Because each day that went by meant she was one day closer to her wedding.

I should call it off. She thought that every night, when she tossed and turned, sweating, half-sleeping, and smacking her tongue against the dry roof of her mouth. She often awoke naked, because she had stripped her clothes off in the middle of the night and pitched them across the hot room.

The morning of her audition, she woke up wanting to hurl.

“No breakfast, thanks,” she said to her family’s cook. “I’m afraid I’ll vomit all over the casting directors if I even look at a cup of yogurt.”
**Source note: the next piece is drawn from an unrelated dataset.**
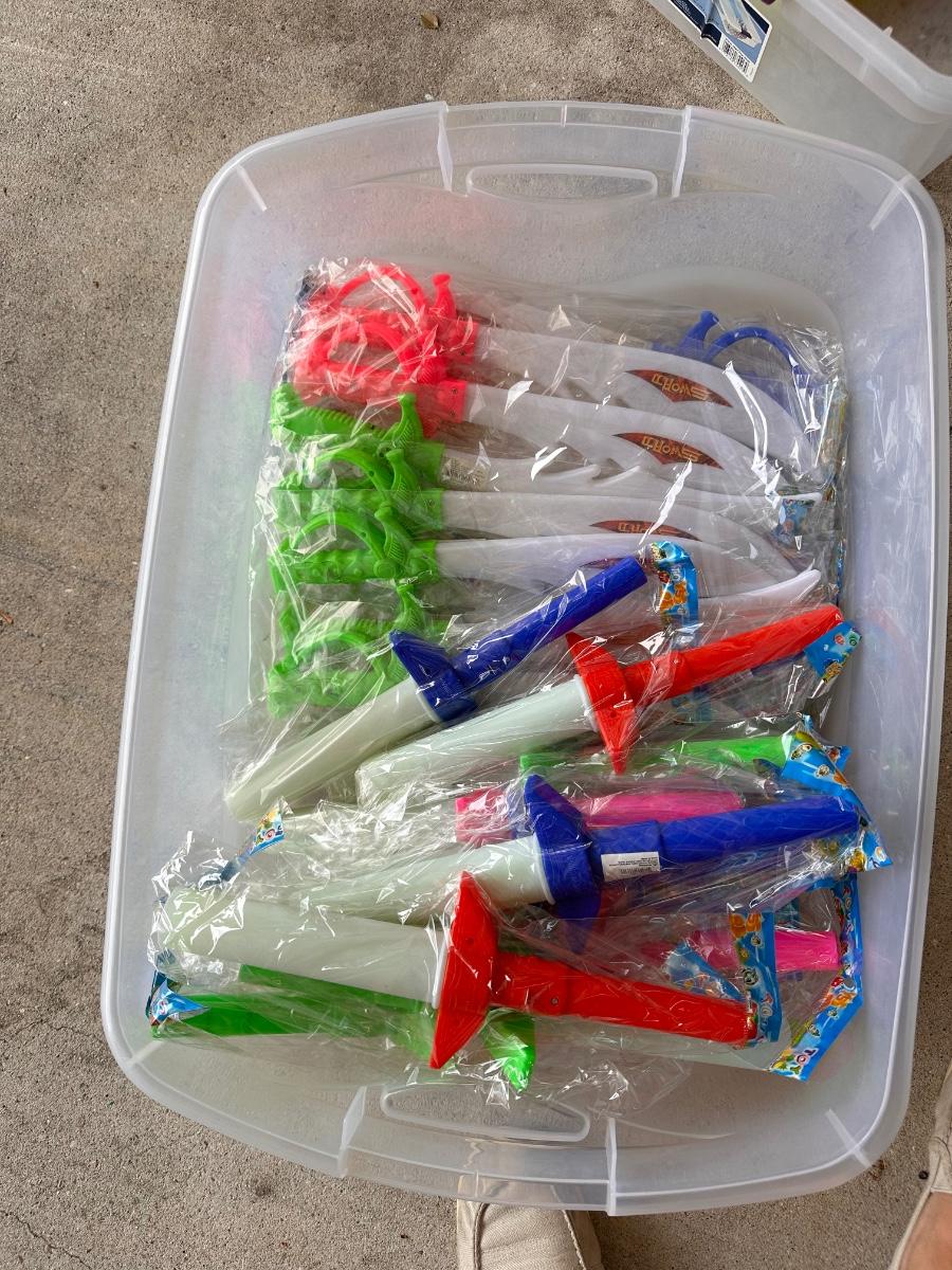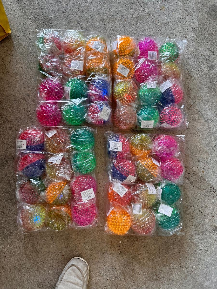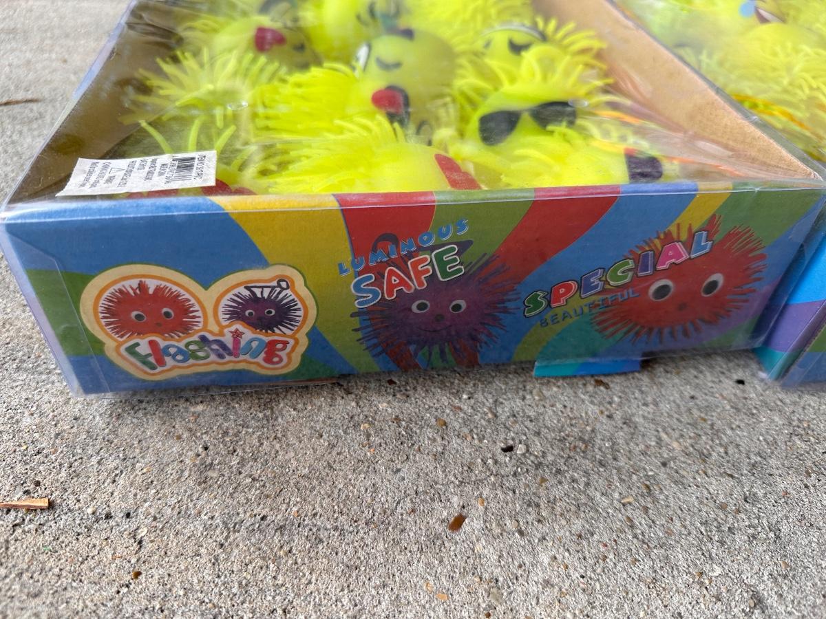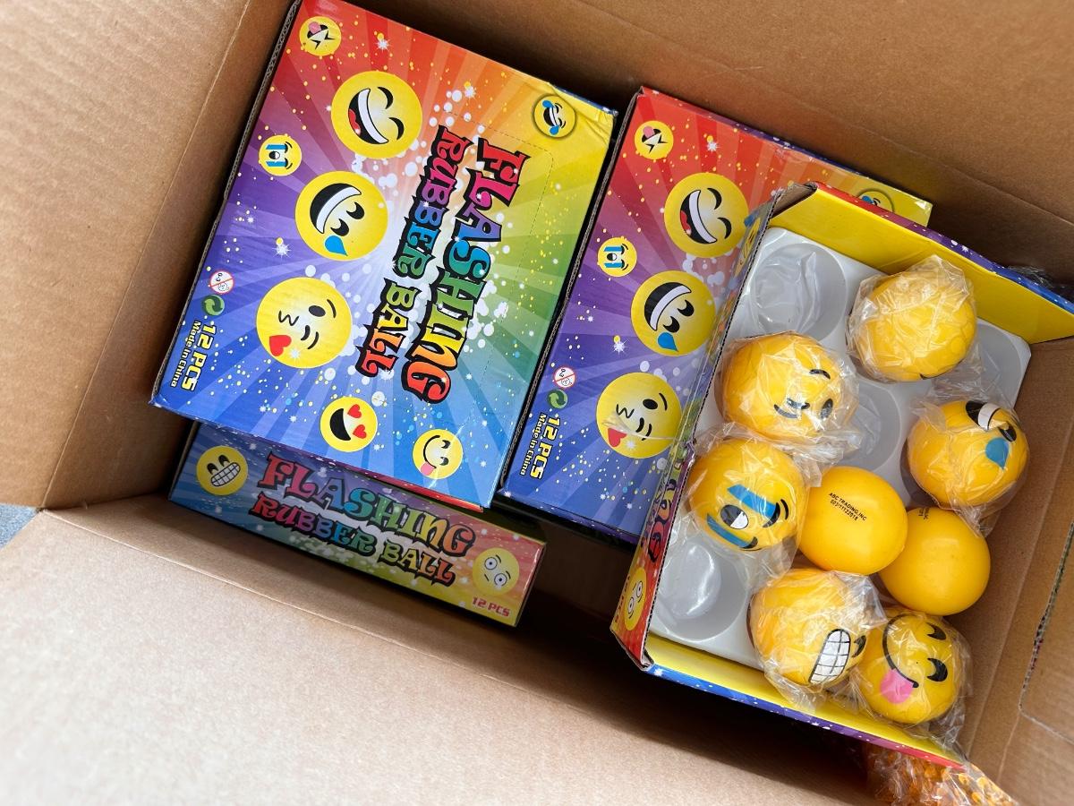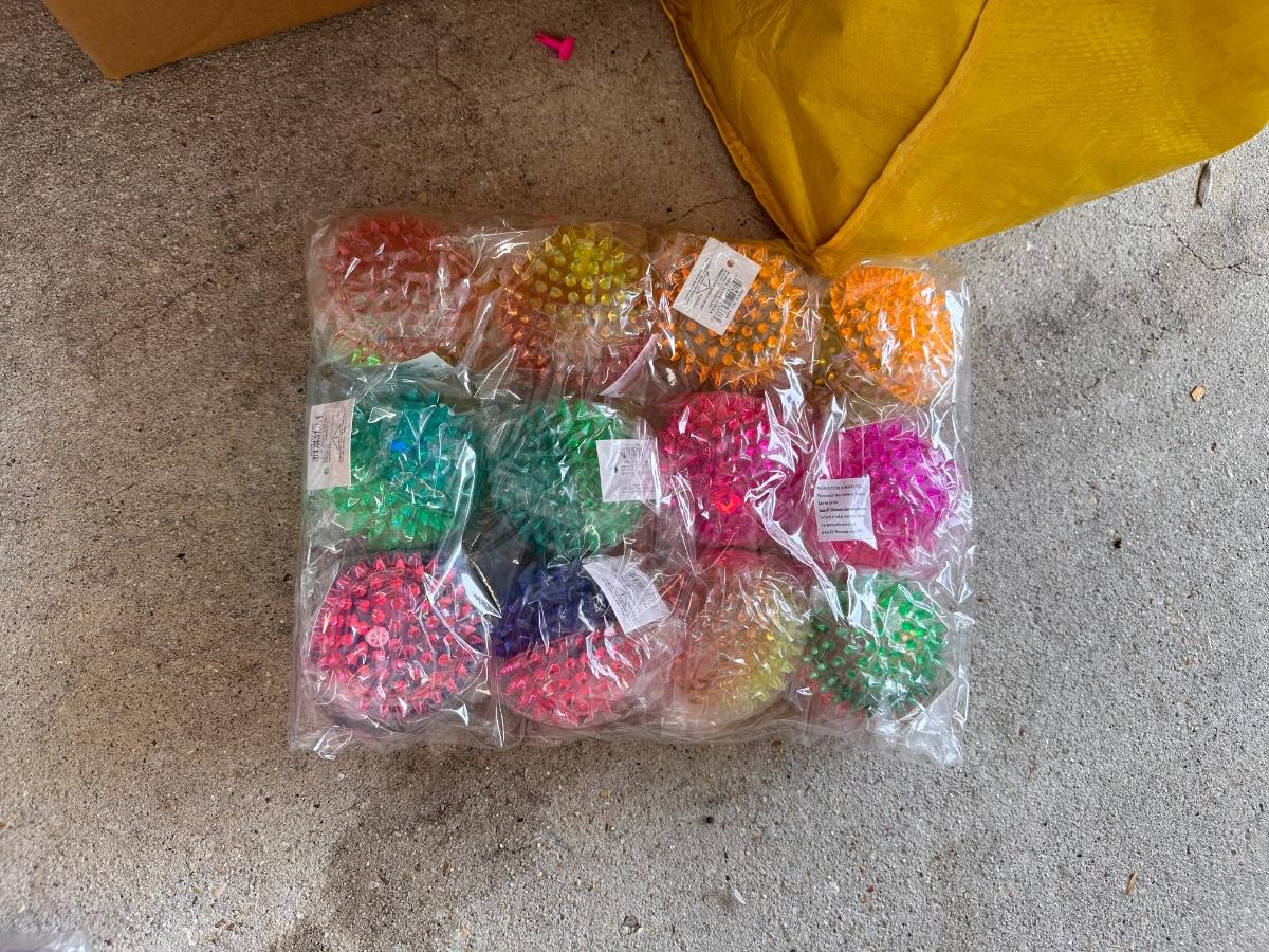 8 bags of beads that contain 5 Dozen Beads ~ 4 boxes of rubber balls~ 3 boxes of emoji rubber balls ~ 4 bags plus some loose spiky balls ~ assorted plastic swords ~ 3 bags of stuffed animals.

“Oh, my,” the cook said. “You really don’t look good, Ms. Finn. You sure you’re all right? I hear the flu is going around.”

“I’m fine.” She had to be. This audition was too important to miss or fuck up. She would have to put on her big girl stockings and drive to the audition with a mind over matter attitude that kept her food – and bile – in her stomach.

She arrived fifteen minutes early. The producers and casting directors were still in session with the actress scheduled before her. Claire filled out the last of her paperwork and sat down in the waiting room, going over the lines one more time.

Nope. That rumble in her stomach had her storming down the bathroom door, in time for her to unleash last night’s dinner all over the porcelain throne.

“Ms. Finn?” the casting agency’s secretary called from the waiting room. “Are you all right? Should I call someone?”

“No!” Claire braced herself against the toilet as another wave of nausea controlled her nervous system. And digestive system. And probably the skeletal system, if given the chance. “I’m fine! Be right out!”

The nausea left as soon as she finished purging. Claire cleaned everything up before going back into the waiting room and touching up her makeup so she didn’t look like a wraith.

It was certainly a first. While Claire had her share of butterflies before auditions, throwing up was on another level of sad. Makes sense, I suppose. She had a lot on her mind. The wedding, her career, the strange familial dynamics about to clock her in the side of the head once she was legally related to Jake…

God, Jake…

The last person she should be thinking about right now! Talk about a renewed wave of nausea! Claire held her head between her hands and tried to block out the memory of Jake Carter kissing and touching her as if she were the sweetest morsel to cross his lips.

She popped a mint five seconds before she was called into the other room. The actress who had auditioned before her gave her a little wave and wished her luck. How old is she? Twenty? Is she even old enough to drink? That was the kind of body only twenty-year-olds could get away with. Claire had been fighting the battle of the twenty-five-year-old bulge for the past several months. Her personal trainer and nutritionist both told her she would be lucky to ever see another carb again.

“Ms. Finn?”

Scott Lee, the head casting director for the film, motioned for her to enter the room. Claire patted down her hair and straightened out her dress before entering.

More people here this time. The table was filled with people. Casting people, producers, the director of the film… half of them were people Claire had met during the first round of auditions. The others were newcomers.

Except for one.

There, sitting on the far end of the table with a label that said “SCREENWRITER,” was Jake.